┌─ DATA EXCERPT
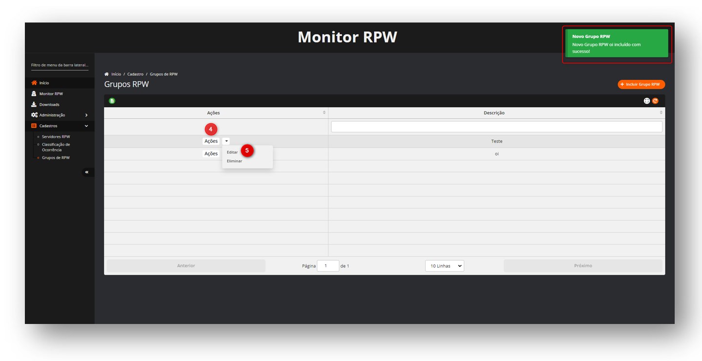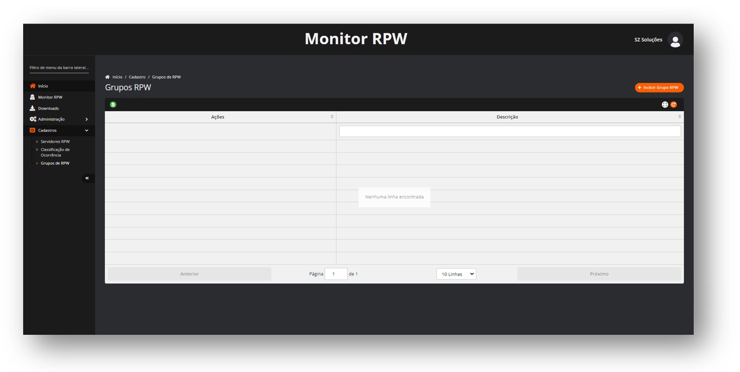 Localizada em Início > Cadastro > Grupos de RPW nesta tela é possível criar grupos de RPW que serão apresentados no Monitor RPW, listados como filtros.
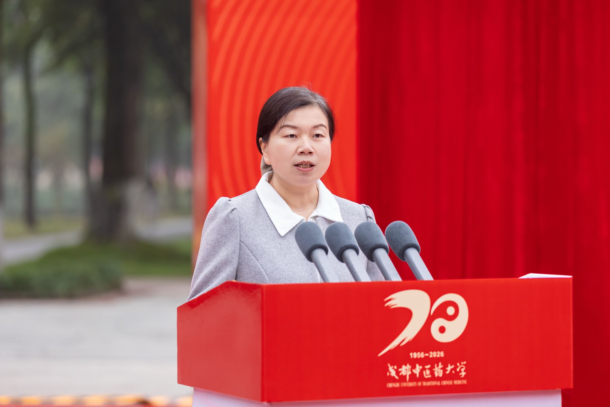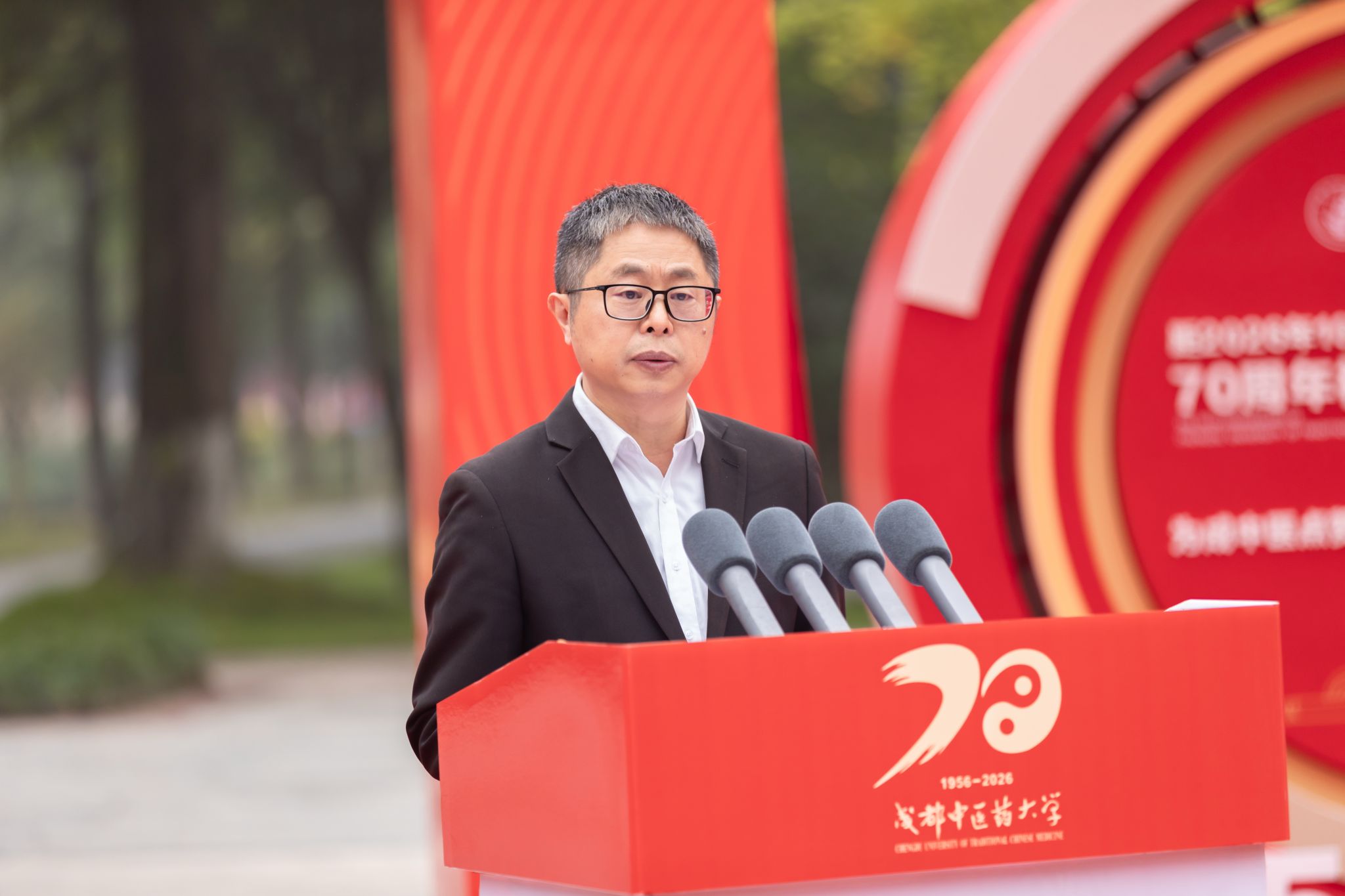 张泽钧在启动仪式上讲话,他指出,成都中医药大学七十年耕耘路,绘就了一幅与国同运、厚朴远志的创业画卷;谱写了一曲守正出新、砥砺前行的开拓之歌;收获了一幅同心致远、桃李天下的丰收图景;成都中医药大学的70年,是成中医与国家民族同呼吸、共命运,扎根中国西部的立业史;是成中医人用信念和热忱,将自身发展融入国家需要的奋进史;是中医药高等教育根植华夏文明沃土,生动彰显精神底蕴的发展史。
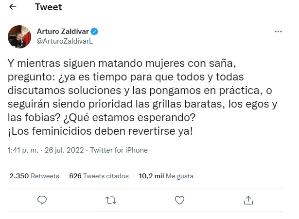 En la red social Zaldívar pidió que “los feminicidios deben revertirse ya”, por lo que Calderón aprovechó el tuit para señalar que era una crítica hacia la administración de López Obrador, por lo que el ministro se desmarcó de los dichos e indicó que “se equivoca de destinatario”.
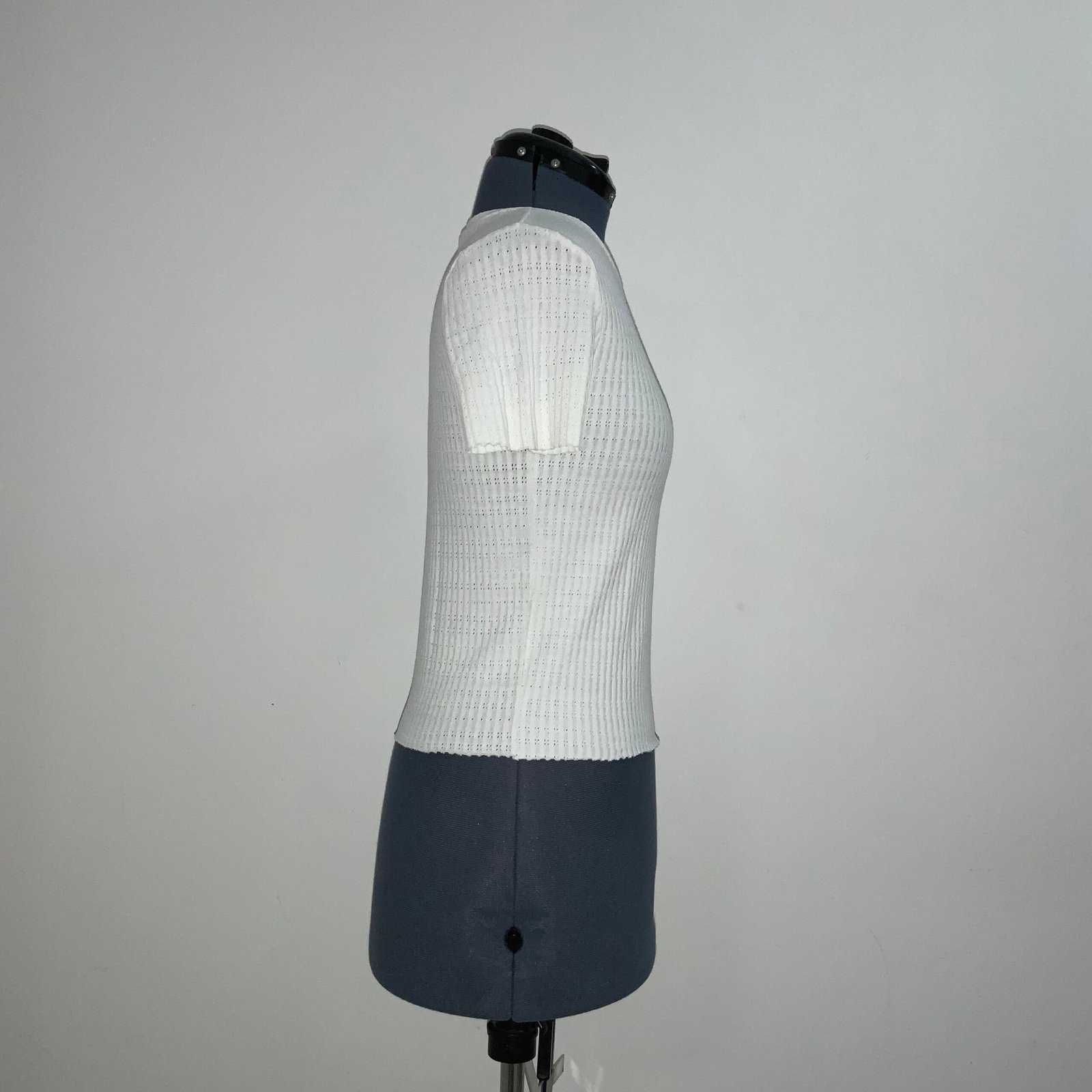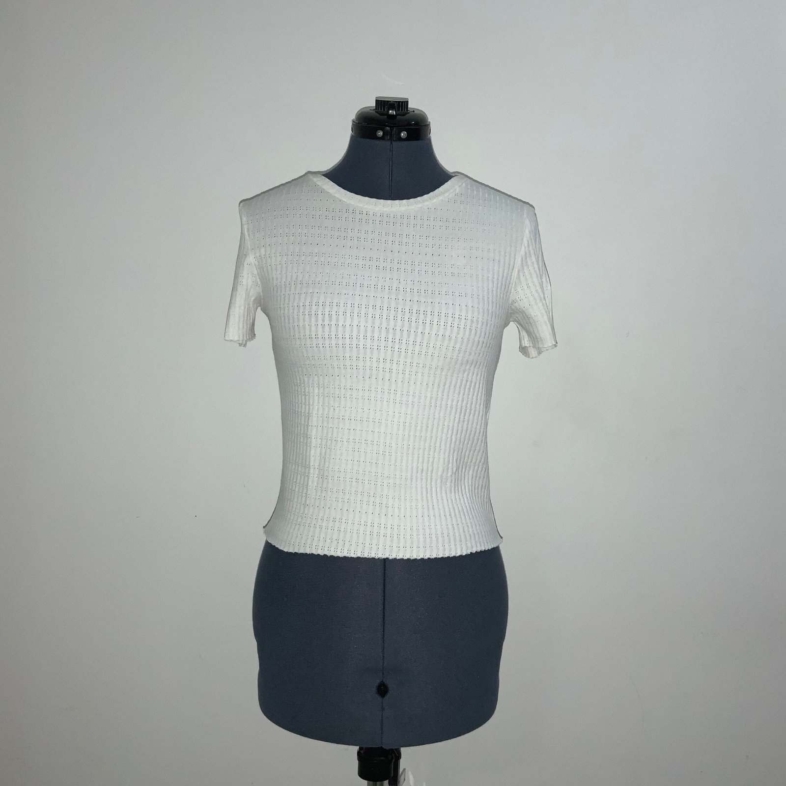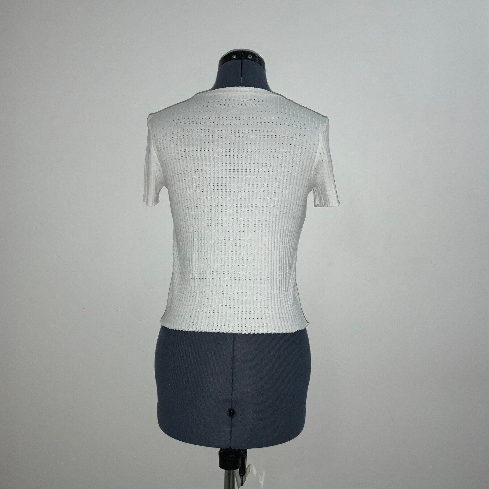Blusa blanca, marca ZARA. Con cuello redondo y manga corta. Tela stretch con relieve.
└─
◆ **TO DO**: Repeat the listing in full and exactly. Leave any pictures out.

◆ **EXERCISE SOLUTION**:
 Localizada em Início > Cadastro > Grupos de RPW nesta tela é possível criar grupos de RPW que serão apresentados no Monitor RPW, listados como filtros.
 张泽钧在启动仪式上讲话,他指出,成都中医药大学七十年耕耘路,绘就了一幅与国同运、厚朴远志的创业画卷;谱写了一曲守正出新、砥砺前行的开拓之歌;收获了一幅同心致远、桃李天下的丰收图景;成都中医药大学的70年,是成中医与国家民族同呼吸、共命运,扎根中国西部的立业史;是成中医人用信念和热忱,将自身发展融入国家需要的奋进史;是中医药高等教育根植华夏文明沃土,生动彰显精神底蕴的发展史。
 En la red social Zaldívar pidió que “los feminicidios deben revertirse ya”, por lo que Calderón aprovechó el tuit para señalar que era una crítica hacia la administración de López Obrador, por lo que el ministro se desmarcó de los dichos e indicó que “se equivoca de destinatario”.
Blusa blanca, marca ZARA. Con cuello redondo y manga corta. Tela stretch con relieve.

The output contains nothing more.